Nobody should feel compelled to care about this; there are undoubtedly more pressing issues at hand–for the Cardinals, and for the world in general–than how long media members have to wait to hear the manager of a baseball team answer questions about a baseball game.
It’s a little inside baseball, but since Saturday was a national broadcast, there was no Fox Sports Midwest camera capturing Matheny postgame. Nor was there one in the clubhouse recording the players. In the social media age, these interview sessions are typically quite accessible for fans. But on a night like Saturday, to learn the grisly details of what the Cardinals thought about their latest loss, you have to listen for their quotes to surface on local radio, or read them.
It’s about time the power of the pen gets a win, eh?
With that extended dive into the inner-workings of a media postgame out of the way, here’s the point: Because Matheny took a while to show, even the most thorough cleanser and dawdling dresser had ample time to duck out before those waiting in the interview room could arrive to ask about the loss. Lance Lynn waited, as is customary for that night’s starter. A few others appeared in the room at least briefly–Aledmys Diaz, Tommy Pham, José Martinez. It was a light crowd.
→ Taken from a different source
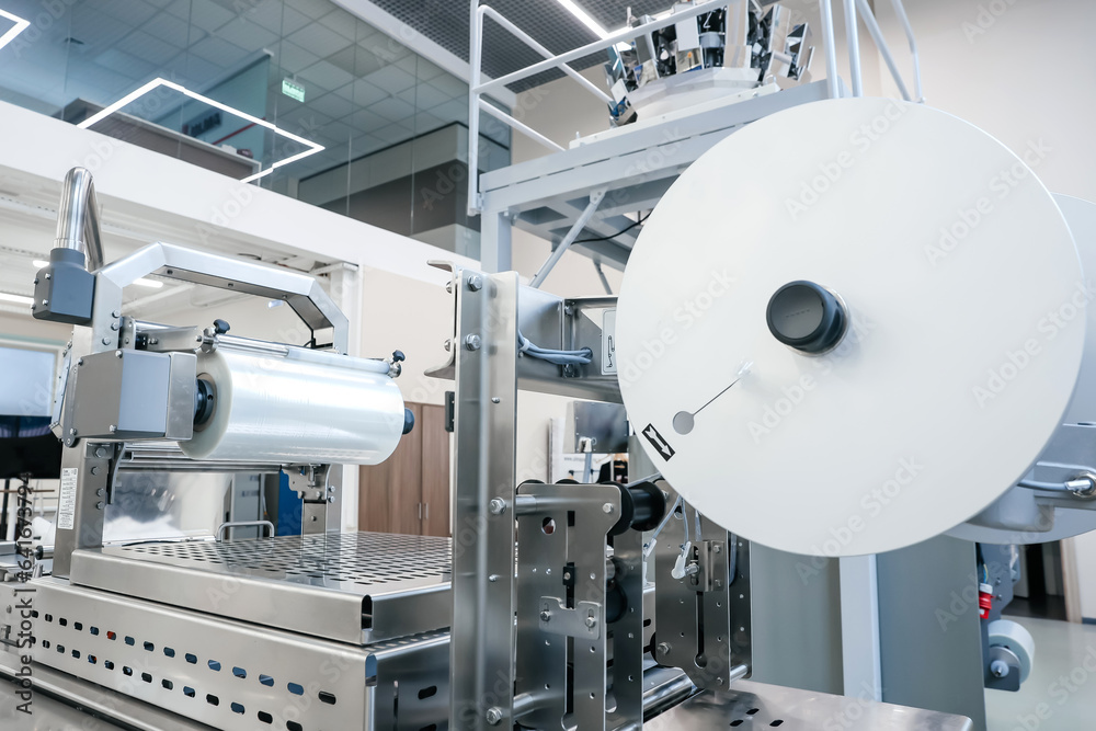 Processing of Packaging equipment thermoformer on food vacuum packaging sealing machine in industrial factory. Packing food in production line. Vacuum machine

In the sake of fairness, I don’t have the manager’s postgame schedule handy; if he squeezed in a quick Sudoku puzzle to give guys a chance to avoid talking after another rough game, I wouldn’t know about it. Matheny often meets with John Mozeliak after games; it’s conceivable, even probable, that he was held up for a few minutes by such a meeting Saturday.
On most other nights and in any other season, none of this is remotely relevant. In a year where the Cardinals’ record on this date is the worst since 2007–when the franchise last finished a season below .500–these are the details that should go under the microscope.
To lift Saturday’s disappearance by the majority of the team out of context would be unfair; it can’t be uncommon for a team in any sport to have nights where guys just want to go home after a bad game. It’s human nature. But when a season skids for as long as this one has, when does the call to action arrive? And who should be there to give it?
It’s the same sentiment echoed by Jim Edmonds on a Cardinals television broadcast three weeks ago: It doesn’t seem like this team has that guy willing to be a vocal leader–to step up and rally the troops.
Jim Edmonds absolutely nailed his analysis of the kind of leadership the Cardinals need right now. Have to love his honesty and candor. pic.twitter.com/Z3gPfV2WNL— Brenden Schaeffer (@bschaeffer12) June 5, 2017
It turns out this clubhouse couldn’t be magically fixed by a one-off day trip to an escape room in February. Winning is a cure-all to questions of chemistry, but the Cardinals are desperate for some force of nature to alter this team’s inertia; who will supply it?
The 2017 Cardinals were expected to be competitive. Though the standings show them just five games out of first in the NL Central, competitive is not among the first ten adjectives someone not employed by the team would use to describe it so far this season. Like his players, Matheny is not the inertia-shattering type. Publicly, he’s even keeled, preaching patience in grinding out the tough times.
In general, that’s a fine philosophy. But at some point, you run out of time in a season to make up for poor play. Last year, that point didn’t arrive until the season’s final day–Matheny didn’t have to face the music daily about his yearlong insistence that his club would turn the corner. They were in the race until the race was over–but they lost it.
There’s a lot of symmetry between this season and last–starting with the tone of the manager after losses. In that regard, Matheny will not be the force that jolts awake the slumbering Cardinals.
Instead, as he did all last year, Matheny expressed Saturday his desire for his team to stay the course.
“We had a game last night that was kind of in our pocket, right?” Matheny said. “It feels different today if you finish that one off. Today, it was them jumping on our starter and not being able to jump on theirs. I think we’ve got to try not to get stuck or buy into the fact that there’s more to it than that. Keep playing the game and don’t draw any wholesale conclusions by any short run of games.”
As I made my way to my car leaving Busch, on a whim, I asked a small group of fans at the crosswalk for their thoughts on the team. One woman mustered an exasperated “I do love my Cardinals,” as though I needed convincing. A man in the group explained that he believes the Cardinals miss the influence of Jose Oquendo, and then softened his voice.
“I don’t mean it as an indictment on him,” he said. “But Matheny has lost this team.”
If you wanted to hear from the manager after the game Saturday night, you weren’t going to be the one to find it.